Keynan Parker (born November 17, 1990) is a professional Canadian football defensive back for the BC Lions of the Canadian Football League (CFL). He was drafted 42nd overall in the 2012 CFL Draft by the Montreal Alouettes and signed with the club on May 17, 2013. Parker was part of the final cuts following the Alouettes' training camp and signed with the Lions on June 25, 2013. He signed a two-year contract extension on January 4, 2017, keeping him signed with the Lions through the 2018 season. He played college football with the Oregon State Beavers and Simon Fraser Clan.

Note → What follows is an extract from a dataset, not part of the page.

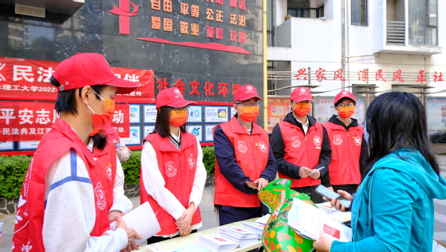 在活动现场,平安江西志愿服务队成员为市民发放《民法典》普法宣传册、宣传布袋、普法手持扇,用身边人、身边事向市民宣传《民法典》法律知识。广大市民积极参与,纷纷驻足并投入到志愿者生动有趣的普法宣传之中。带队老师在法律咨询点为市民现场解答民间借贷、交通事故、相邻关系、疫情防控等法律实务问题,并针对性地给出切实可行的解决建议。志愿服务队还组成两支小分队深入临街商铺、居民社区发放普法宣传册,宣传《民法典》知识,活动效果得到市民群众的一致好评。
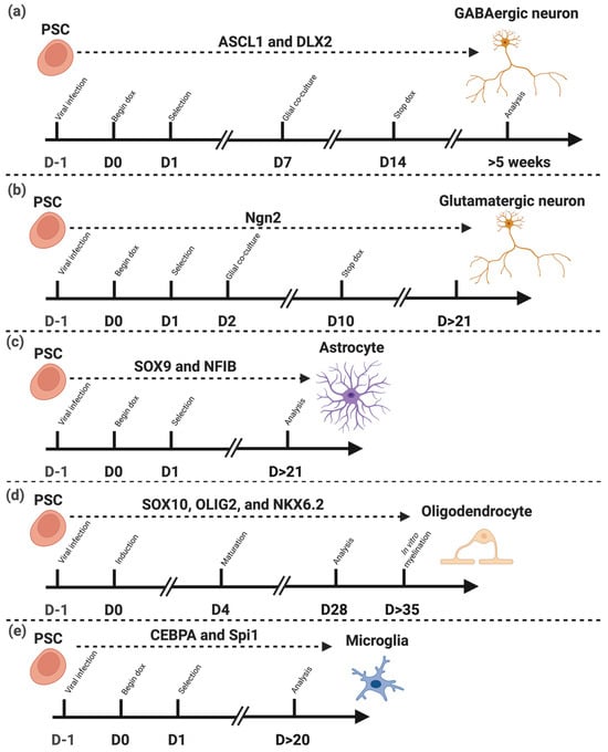 Transcription factor-driven differentiation of pluripotent stem cells (PSCs) into distinct neural cell types. Schematic representation of the differentiation protocols from PSCs into major neural lineages through the forced expression of lineage-specific transcription factors (TFs). (a) Expression of ASCL1 and DLX2 directs PSCs toward GABAergic neurons []. (b) Expression of Ngn2 promotes differentiation into glutamatergic neurons []. (c) Combined expression of SOX9 and NFIB induces differentiation into astrocytes []. (d) Co-expression of SOX10, OLIG2, and NKX6.2 drives oligodendrocyte lineage commitment and maturation []. (e) Expression of CEBPA and Spi1 leads to the generation of microglia []. These TF combinations define lineage identity and maturation timing across distinct neural cell types derived from PSCs. Note: “D” indicates Day. Dashed lines separate the different cell type differentiation protocols, and arrows indicate the progression of the experimental timeline. Created in BioRender. Mcdaid, G. (2025) https://BioRender.com/jwcbn68 (accessed on 10 November 2025).

During his amateur playing days, Keynan was also an accomplished track and field athlete and often distinguished himself as one of the fastest players on his team.  In 2007, he set the Canadian youth record in the 200 meter sprint (21.44 seconds) at the Royal Canadian Legion Nationals before placing fifth at the World Youth Track and Field Championships in the 100 meter dash with a time of 10.61 in that same year.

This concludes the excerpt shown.